The Serviço Nacional de Saúde, SNS (Portugal’s National Health Service), provides free healthcare for Portuguese citizens and foreign residents. The SNS is publicly funded and works through community health centres, hospitals and local health units.
If you plan on retiring to Portugal from an EU country, you can access this system through the SNS with an S1 form. This a healthcare certificate issued by your home country’s pension centre.
Even though the healthcare service is considered good compared to international standards, many expats also hire additional health insurance, from among the many available in the country.
If you come from a non-EU country, you won’t have access to the free healthcare system until you become a permanent resident, so you might need private health insurance.
Portuguese inheritance law dictates that any inheritance process must follow the laws of the home country of the deceased. So, if you retire in Portugal from the UK, the UK inheritance laws will apply. If the spouse is from a different country than the deceased, Portuguese law can apply if Portugal is the country of residence.

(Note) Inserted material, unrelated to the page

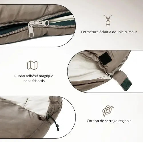 Nos sacs de couchage sont spécialement conçus pour répondre aux exigences des environnements les plus hostiles. Voici les principales caractéristiques qui distinguent notre collection :

There is no inheritance tax in Portugal regarding property. However, there is stamp duty in Portugal, paid at a 10% flat rate, although spouses, descendants and ascendants are exempt.
Under Portuguese inheritance law, a portion of the estate must be distributed to legitimate heirs, including spouse, biological and adopted descendants and ascendants of the deceased. Only the will of the deceased can interfere with that.
Now that you have all this information, you are one step closer to getting to live the retirement of your dreams in sunny Portugal!